The device is completed by an ignition electrode for the fuel gas mixture and by a monitor ( 15 ) which provides sensor signals for optimal control of the device for exhaust gas purification.

Example of the execution of the procedure

In a plasma etching system for removing silicon oxide layers on silicon wafers, 60 l / min of exhaust gas are produced. The exhaust gas consists of approx. 58.5 l / min nitrogen and approx. 1.5 l / min C₂F₆ as a pollutant. The exhaust gas is fed to the cleaning device through an exhaust pipe. In the combustion chamber ( 1 ) the inner ring ( 5 ) of the ring burner ( 3 ) 9 l / min H₂ and 9 l / min O₂ are supplied. The outer ring ( 10 ) of the ring burner ( 3 ) are additionally 3 l / min CH₄ and 15 l / min O₂ supplied. The flame area ( 11 ) of the flame ( 6 ) which forms over the annular gap ( 5 ) is strongly reducing. In this strongly reducing flame area ( 11 ), the exhaust gas to be cleaned, which contains C₂F₆ as the main pollutant, is let in through the bore ( 8 ). In this reducing flame area ( 11 ) the pollutant is converted almost completely into CH₄ and HF. The flame temperature is in the range from 1200 to 1400 ° C.
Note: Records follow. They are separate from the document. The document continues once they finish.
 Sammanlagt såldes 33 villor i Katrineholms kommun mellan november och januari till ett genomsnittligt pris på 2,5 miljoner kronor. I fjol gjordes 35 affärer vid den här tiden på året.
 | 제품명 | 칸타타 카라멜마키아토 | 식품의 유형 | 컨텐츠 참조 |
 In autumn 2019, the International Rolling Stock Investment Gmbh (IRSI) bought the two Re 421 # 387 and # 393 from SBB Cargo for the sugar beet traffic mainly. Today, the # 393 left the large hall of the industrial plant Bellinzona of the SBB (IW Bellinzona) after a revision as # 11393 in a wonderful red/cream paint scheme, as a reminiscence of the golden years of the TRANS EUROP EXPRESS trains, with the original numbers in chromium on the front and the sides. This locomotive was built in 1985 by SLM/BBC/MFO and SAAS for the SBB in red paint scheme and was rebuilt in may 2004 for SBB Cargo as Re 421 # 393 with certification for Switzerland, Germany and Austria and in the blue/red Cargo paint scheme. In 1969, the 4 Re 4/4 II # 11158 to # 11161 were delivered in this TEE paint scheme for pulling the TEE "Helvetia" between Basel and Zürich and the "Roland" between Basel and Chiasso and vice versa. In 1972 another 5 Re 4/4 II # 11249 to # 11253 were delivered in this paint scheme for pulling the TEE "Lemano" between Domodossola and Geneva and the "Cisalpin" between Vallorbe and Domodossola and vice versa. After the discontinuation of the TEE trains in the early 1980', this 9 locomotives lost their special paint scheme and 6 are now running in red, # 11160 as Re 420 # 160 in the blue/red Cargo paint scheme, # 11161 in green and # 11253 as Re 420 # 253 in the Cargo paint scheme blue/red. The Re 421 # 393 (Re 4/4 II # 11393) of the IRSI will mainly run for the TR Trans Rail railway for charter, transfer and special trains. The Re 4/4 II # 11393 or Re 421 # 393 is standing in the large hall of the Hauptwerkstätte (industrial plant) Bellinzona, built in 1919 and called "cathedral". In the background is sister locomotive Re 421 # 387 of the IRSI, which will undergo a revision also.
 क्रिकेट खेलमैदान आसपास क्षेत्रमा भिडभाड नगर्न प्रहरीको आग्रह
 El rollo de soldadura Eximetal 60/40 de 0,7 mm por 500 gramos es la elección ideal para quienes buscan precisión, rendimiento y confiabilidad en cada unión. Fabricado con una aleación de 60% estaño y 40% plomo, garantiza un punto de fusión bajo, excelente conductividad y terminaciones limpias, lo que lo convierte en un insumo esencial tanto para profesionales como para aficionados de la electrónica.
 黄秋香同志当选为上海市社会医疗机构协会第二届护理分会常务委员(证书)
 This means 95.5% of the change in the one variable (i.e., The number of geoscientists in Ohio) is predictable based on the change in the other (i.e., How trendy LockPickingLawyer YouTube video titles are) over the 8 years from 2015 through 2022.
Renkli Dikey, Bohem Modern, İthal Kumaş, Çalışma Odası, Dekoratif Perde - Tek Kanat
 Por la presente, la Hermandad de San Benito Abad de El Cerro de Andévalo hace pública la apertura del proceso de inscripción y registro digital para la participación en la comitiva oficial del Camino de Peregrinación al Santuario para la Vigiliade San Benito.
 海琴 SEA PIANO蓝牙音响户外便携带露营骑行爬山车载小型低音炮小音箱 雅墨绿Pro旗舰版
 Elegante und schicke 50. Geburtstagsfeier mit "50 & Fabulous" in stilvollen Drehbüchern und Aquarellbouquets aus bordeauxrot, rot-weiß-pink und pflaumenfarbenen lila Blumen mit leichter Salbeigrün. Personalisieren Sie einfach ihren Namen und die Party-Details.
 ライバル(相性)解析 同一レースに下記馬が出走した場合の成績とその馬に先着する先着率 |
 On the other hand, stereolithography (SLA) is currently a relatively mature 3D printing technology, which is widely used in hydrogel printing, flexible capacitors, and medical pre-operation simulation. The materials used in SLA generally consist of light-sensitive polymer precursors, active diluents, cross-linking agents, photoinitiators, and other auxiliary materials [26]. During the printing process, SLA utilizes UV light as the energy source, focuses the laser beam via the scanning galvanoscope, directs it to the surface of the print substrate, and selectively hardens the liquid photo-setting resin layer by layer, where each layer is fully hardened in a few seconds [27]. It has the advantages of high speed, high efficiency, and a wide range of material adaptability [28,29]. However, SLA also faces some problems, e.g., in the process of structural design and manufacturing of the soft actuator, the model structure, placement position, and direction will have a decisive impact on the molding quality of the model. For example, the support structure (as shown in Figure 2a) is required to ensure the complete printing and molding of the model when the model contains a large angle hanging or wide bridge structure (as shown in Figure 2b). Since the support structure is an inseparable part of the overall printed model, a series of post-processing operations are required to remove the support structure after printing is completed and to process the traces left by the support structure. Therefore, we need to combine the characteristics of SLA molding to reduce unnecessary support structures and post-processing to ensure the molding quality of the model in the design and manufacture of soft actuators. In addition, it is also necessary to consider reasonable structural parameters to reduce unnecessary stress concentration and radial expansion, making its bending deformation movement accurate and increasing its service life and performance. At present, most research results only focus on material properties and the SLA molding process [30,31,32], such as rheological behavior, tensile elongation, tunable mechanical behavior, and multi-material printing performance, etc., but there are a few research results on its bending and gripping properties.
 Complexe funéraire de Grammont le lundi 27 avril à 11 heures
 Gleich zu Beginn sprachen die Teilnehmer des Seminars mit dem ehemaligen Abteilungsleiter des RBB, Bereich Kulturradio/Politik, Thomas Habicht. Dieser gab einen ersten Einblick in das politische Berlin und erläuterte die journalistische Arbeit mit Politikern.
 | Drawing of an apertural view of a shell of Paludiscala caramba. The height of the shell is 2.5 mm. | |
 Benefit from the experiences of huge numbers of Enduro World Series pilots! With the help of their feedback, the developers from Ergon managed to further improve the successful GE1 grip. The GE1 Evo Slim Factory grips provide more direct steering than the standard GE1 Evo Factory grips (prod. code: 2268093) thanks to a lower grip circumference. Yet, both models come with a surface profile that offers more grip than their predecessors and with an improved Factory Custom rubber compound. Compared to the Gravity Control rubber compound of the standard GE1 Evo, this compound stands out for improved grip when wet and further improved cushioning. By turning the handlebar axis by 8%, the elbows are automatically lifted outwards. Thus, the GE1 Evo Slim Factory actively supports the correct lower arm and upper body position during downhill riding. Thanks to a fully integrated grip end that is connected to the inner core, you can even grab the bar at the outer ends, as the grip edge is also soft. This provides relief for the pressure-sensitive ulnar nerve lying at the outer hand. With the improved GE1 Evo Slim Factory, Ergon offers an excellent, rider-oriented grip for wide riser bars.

The flame region ( 12 ) which forms at the annular gap ( 10 ) and which envelops the flame region ( 11 ) like a jacket is strongly oxidizing. The reactions that preferably take place here are the combustion of CH₄ to CO₂ and water vapor and of H₂ to water vapor. The approximately 1000 ° C hot burned gas mixtures over the flame flow in the direction of arrow ( 13 ) perpendicularly from the burner ( 3 ) in the direction of the suction ( 14 ), from there they are fed to a washing device known per se, in which the gas is below 50 ° C is cooled. The HF portion is hydrolyzed. The gas is cleaned, ie practically free of pollutants, released into the environment. The pollutant content is reduced to less than 1% by means of the exhaust gas purification method according to the invention, as a result of which a gas with less than 15 ppm of pollutant enters the exhaust air.

Claims (5)

1. Process for the purification of pollutant-containing exhaust gases, in particular with fluorine-containing hydrocarbons and other fluorine compounds, by chemical reaction in a combustion chamber with a burner for generating a fuel gas flame, characterized in that, on the one hand , by spatially separating the feed of gases of different composition and quantity into the fuel gas flame chemically strongly reducing flame area is created, into which the exhaust gases to be cleaned are fed and, on the other hand, a strongly oxidizing flame area is created, into which the exhaust gases enter after they have flowed through the reducing flame area. 2. The method according to claim 1, characterized in that the reducing flame area by supplying a fuel gas and oxygen or a fuel gas mixture with one Excess hydrogen is generated and that the oxidizing flame area through additional supply of a fuel gas mixture with an excess of oxygen, of pure Oxygen or air is generated in the flame. 3. The method according to claim 1 and 2, characterized in that harmful reaction products combustion in said two flame areas by subsequent sorption and / or Hydrolysis can be eliminated. 4. Device for carrying out the method according to claim 1 to 3 with a combustion chamber, a ring burner for the fuel gas or the fuel gas mixture and a central feed for the pollutant-containing exhaust gas in the ring burner, characterized in that for an additional Supply of a fuel gas or fuel gas mixture with an excess of oxygen on Ring burner, or for an additional supply of pure oxygen, a second concentric Ring arranged with one or more holes or with a channel on the ring burner becomes. 5. Device for performing the method according to claim 1 to 3, with a combustion chamber, a ring burner for the fuel gas or the fuel gas mixture and a central feed for the pollutant-containing exhaust gas in the ring burner, characterized in that for the additional Supply of air or oxygen in the wall of the combustion chamber in the area of the ring burner or several inlet channels can be arranged.